Records drawn from a dataset:
+ + + +
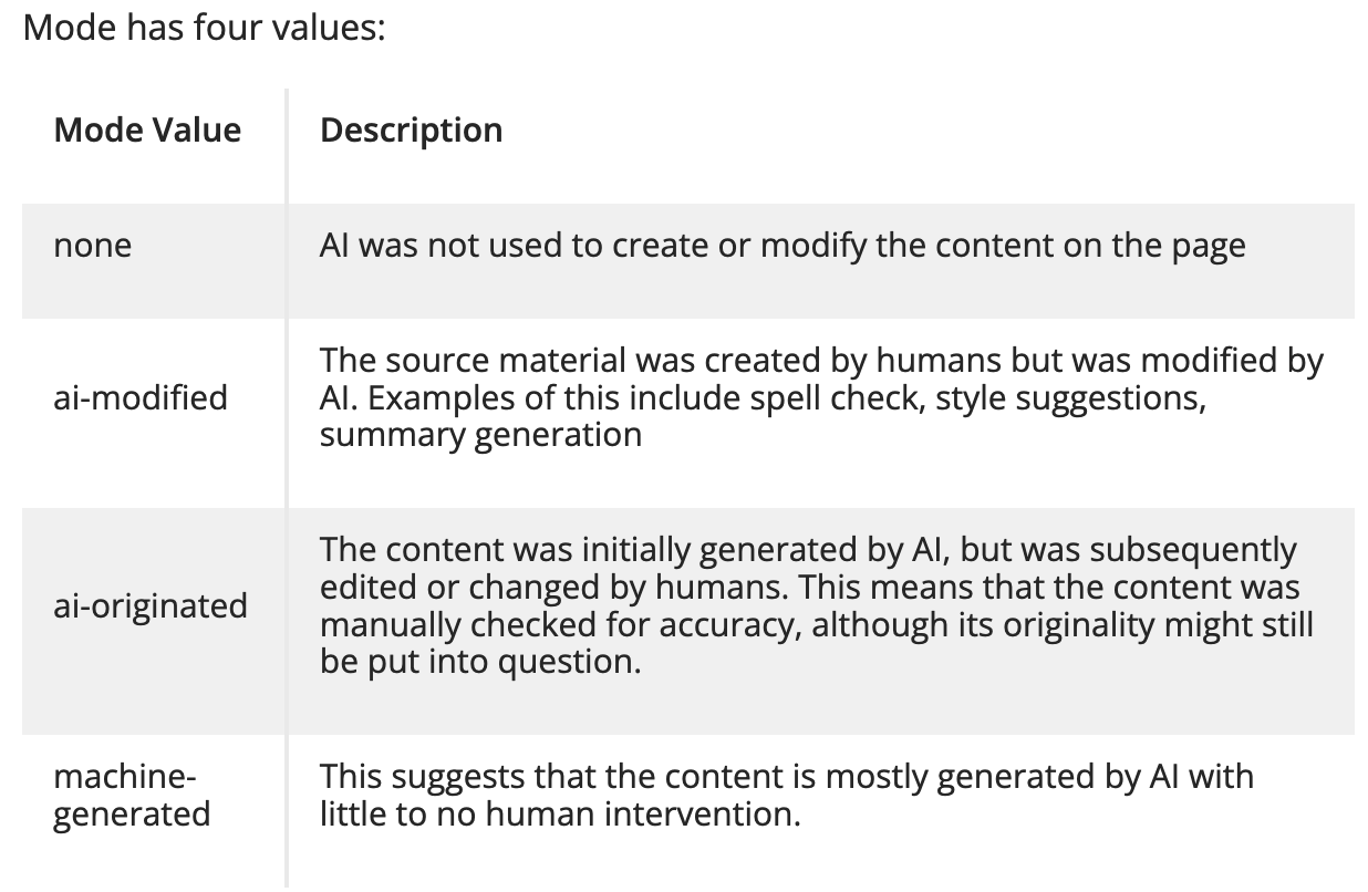其中,mode 有四种取值:none(未使用 AI 生成或修改内容)、ai-modified(原有人类创作,经 AI 修改)、ai-originated(内容由 AI 生成,经人工编辑修改并审核)、machine-generated(几乎完全由 AI 生成,几乎无人为干预)。
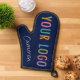 Customize our oven mitt with your company logo. You can optionally personalize it with a name to make it an extra special gift. It’s canvas on the printed side and non slip black silicone or quilted silver on the heat resistant side. Designed in navy blue and other colours (all colours are customizable). No minimum order quantity and no setup fee.
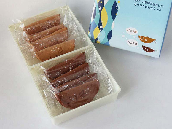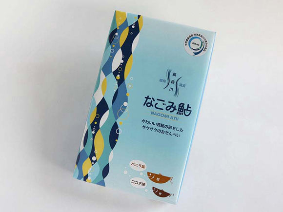 今回はこれらの鮎菓子よりカジュアルな商品。鮎モチーフの洋風せんべい「なごみ鮎」をご紹介します。
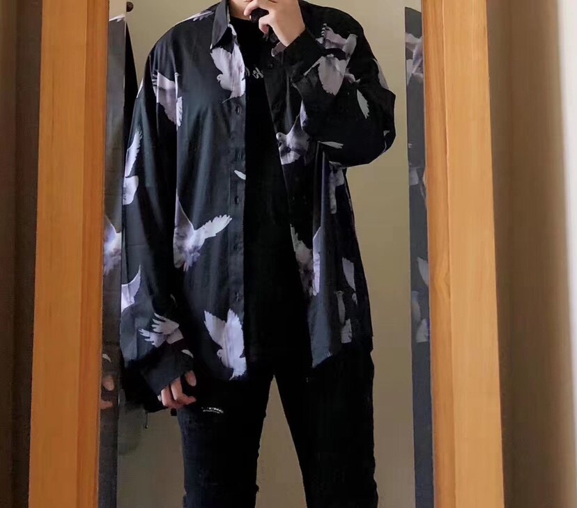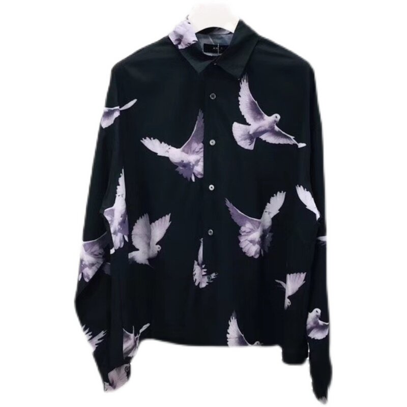Tide brand Amiri spring and autumn new European and American high street print peace pigeon men's and women's long-sleeved cotton shirt
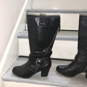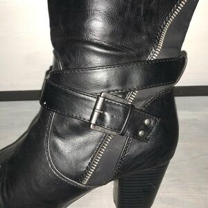 Rialto Caparella Black Heeled Boots Women's Size 8 1/2 M Buckles Zipper
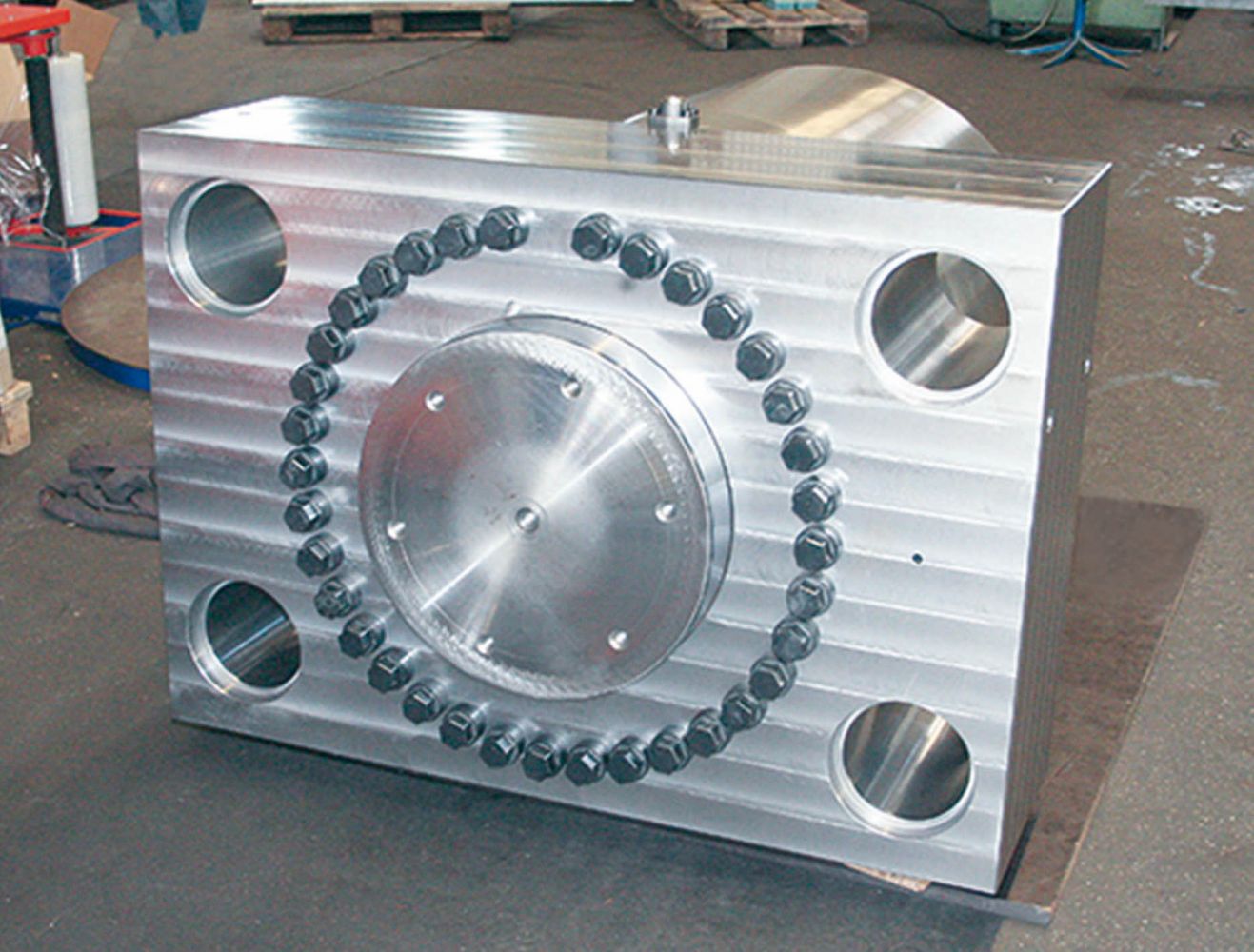 Rohr Ø 920 mm, Kolben Ø 610 mm, Stangen Ø 520 mm, Rechteckkopfflansch 1300 mm x 920 mm x 400 mm. Druck P-max 500 bar, Presskraft 1500 t, Eigengewicht 9,0 t.
+ + + +
**Exercise directions:**
Leaving all pictures aside, quote each record exactly.

**Your response:**
其中,mode 有四种取值:none(未使用 AI 生成或修改内容)、ai-modified(原有人类创作,经 AI 修改)、ai-originated(内容由 AI 生成,经人工编辑修改并审核)、machine-generated(几乎完全由 AI 生成,几乎无人为干预)。
 Customize our oven mitt with your company logo. You can optionally personalize it with a name to make it an extra special gift. It’s canvas on the printed side and non slip black silicone or quilted silver on the heat resistant side. Designed in navy blue and other colours (all colours are customizable). No minimum order quantity and no setup fee.
 今回はこれらの鮎菓子よりカジュアルな商品。鮎モチーフの洋風せんべい「なごみ鮎」をご紹介します。
Tide brand Amiri spring and autumn new European and American high street print peace pigeon men's and women's long-sleeved cotton shirt
 Rialto Caparella Black Heeled Boots Women's Size 8 1/2 M Buckles Zipper
 Rohr Ø 920 mm, Kolben Ø 610 mm, Stangen Ø 520 mm, Rechteckkopfflansch 1300 mm x 920 mm x 400 mm. Druck P-max 500 bar, Presskraft 1500 t, Eigengewicht 9,0 t.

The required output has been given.